What the Data Do Not Show
Several limitations should frame how these subgroup findings are applied.
Race and ethnicity reporting was sparse. The trial enrolled 66% white participants, 19% Asian, and only 6% Black. The non-white subgroup was pooled, collapsing populations with different metabolic risk profiles and potentially different GLP-1 pharmacokinetics. The FDA label for semaglutide does not include race-stratified efficacy data from SUSTAIN-7, and clinicians treating diverse patient populations should recognize this gap.
Renal function subgroups were absent. Many patients with type 2 diabetes have some degree of chronic kidney disease. The SUSTAIN-5 trial addressed semaglutide in renal impairment, but SUSTAIN-7 did not stratify by eGFR, so we cannot draw conclusions about whether the semaglutide-versus-dulaglutide comparison differs in CKD.
No cardiovascular outcome stratification. SUSTAIN-6 tested semaglutide's cardiovascular safety, and REWIND demonstrated dulaglutide's CV benefit. SUSTAIN-7 was a 40-week glycemic efficacy trial with no CV adjudication, so the subgroup data here apply to metabolic endpoints only.

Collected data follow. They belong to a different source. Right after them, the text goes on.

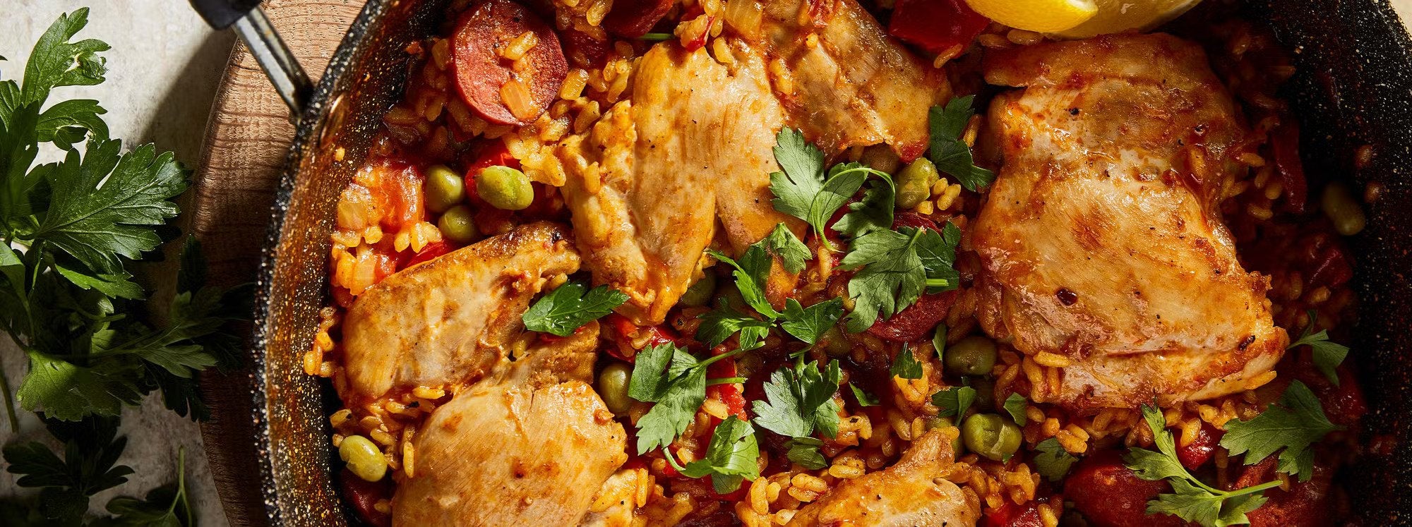 Csempéssz egy kis nyarat az otthonodba egy természetesen fehérjedús, csirkés paella recept segítségével. A paella azon elit ételek egyike, amelyek íze alapvetően egy napsütéses nyaralásra emlékeztet - tökéletesen feldobja az ebédszünetet. Ha becsukod a szemed egy percre, akár úgy is tehetsz, mintha a tengerparton lennél. Csípős chorizo, füstölt paprika, édes paradicsom és lédús lime - egy ízekben gazdag, ínycsiklandó kombináció, amely egész napra boldoggá tesz. Egyébként pedig ez a csirkés paella egy olyan étel, amelyet a hét bármely napján megoszthatsz a barátaiddal.
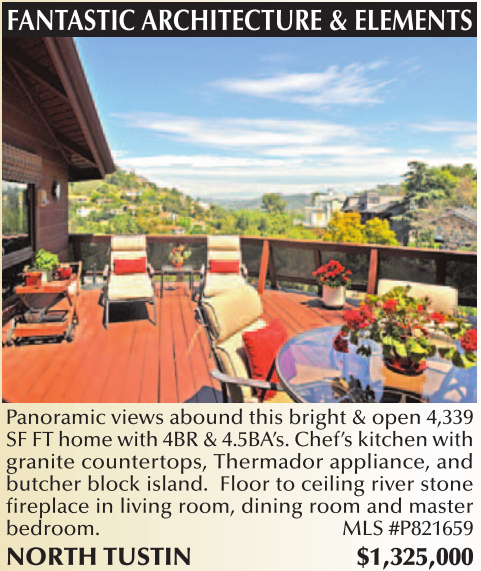 Panoramic views abound this bright & open 4,339 SF FT home with 4BR & 4.5BA’s. Chef’s kitchen with granite countertops, Thermador appliance, and butcher block island. Floor to ceiling river stone fireplace in living room, dining room and master bedroom. MLS #P821659 NORTH TUSTIN $1,325,000
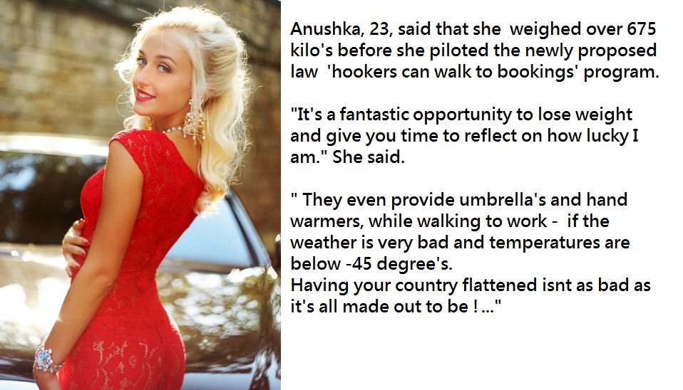 "It's a win, win for everyone, really", Said one elite. "Not only does it ensure that the Ukranian beauties stay in shape for their job, but the 30 km walk to the bookings gives them the time to reflect on just how lucky they are to be living in the land of the free - and not being a limousine puller.
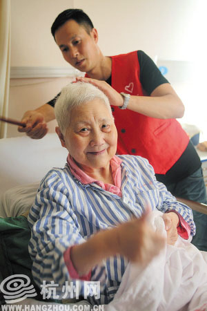 “侬个人老好嘞,帮阿拉个头剃得老漂亮啦!”朱奶奶隔壁床的秦奶奶是上海人,今年84岁,油光发亮的白发倒着梳,很洋气。
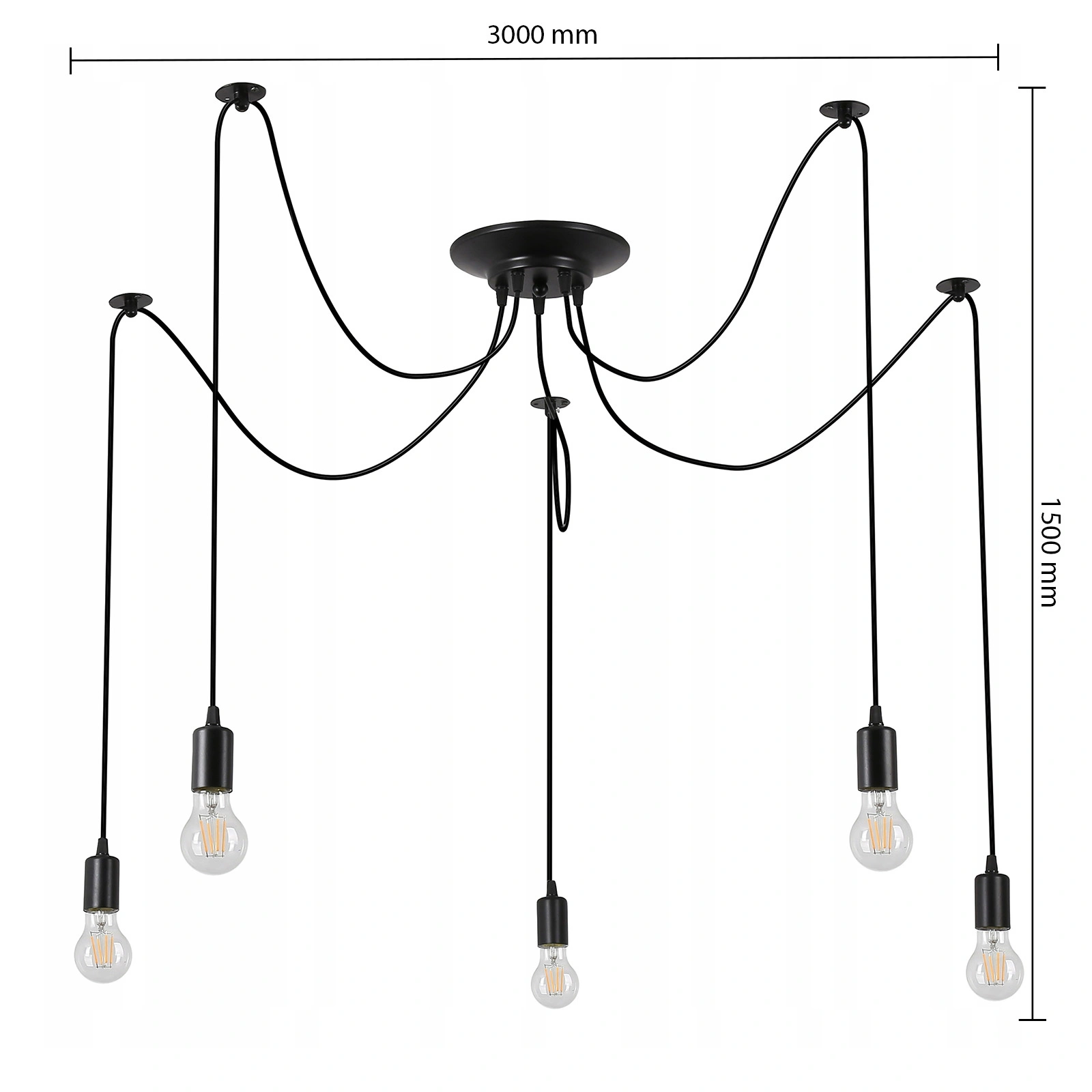 • Funkcjonalność - Wyposażona w 5 punktów świetlnych na wymienne trzonki E27, co zapewnia równomierne oświetlenie oraz możliwość regulacji natężenia światła.
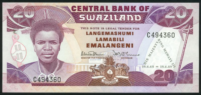 (x) Central Bank of Swaziland, 20 Emalangeni, ND (1986), purple; also a group of the ND (1987) Issue comprising 2 Emalangeni, brown;10 Emalangeni, blue; 20 Emalangeni, purple; also 20 Emalangeni, 19 April 1989, commemorative issue, violet, all King Maswati III at left

Duration was 40 weeks. Weight trajectories with GLP-1 receptor agonists typically plateau around 60 to 68 weeks. The subgroup-specific weight advantages seen at 40 weeks might narrow or widen with longer follow-up. The SUSTAIN FORTE trial of semaglutide 2.0 mg at 40 weeks provides some further context but did not compare against dulaglutide.
Translating Subgroup Data to Prescribing
For the clinician choosing between semaglutide and dulaglutide for a specific patient, SUSTAIN-7 subgroup data support several practical conclusions.
The benefit of semaglutide over dulaglutide is consistent, not conditional. No subgroup reversed the direction of effect. A prescriber does not need to identify a "best responder" phenotype to justify choosing semaglutide; the advantage held across age, sex, BMI, baseline glycemia, and diabetes duration.
Where the magnitude of advantage is largest (high BMI, high baseline A1C), semaglutide's superiority becomes most clinically actionable. A patient with a BMI above 30 and an A1C above 8% stands to gain roughly 0.5% more A1C reduction and 3 to 4 kg more weight loss over 40 weeks by receiving semaglutide 1.0 mg instead of dulaglutide 1.5 mg. Those differences sit comfortably above minimal clinically important thresholds.
For patients with lower BMI and lower baseline A1C, the absolute differences narrow. The choice between agents in this population may reasonably hinge on other factors: cost, insurance formulary placement, injection device preference, or tolerability history. The 2024 ADA Standards of Care recommend GLP-1 receptor agonists with proven CV benefit for patients with established atherosclerotic disease; in that context, the specific head-to-head glycemic differences from SUSTAIN-7 may be secondary to the CV outcome data from SUSTAIN-6 and REWIND.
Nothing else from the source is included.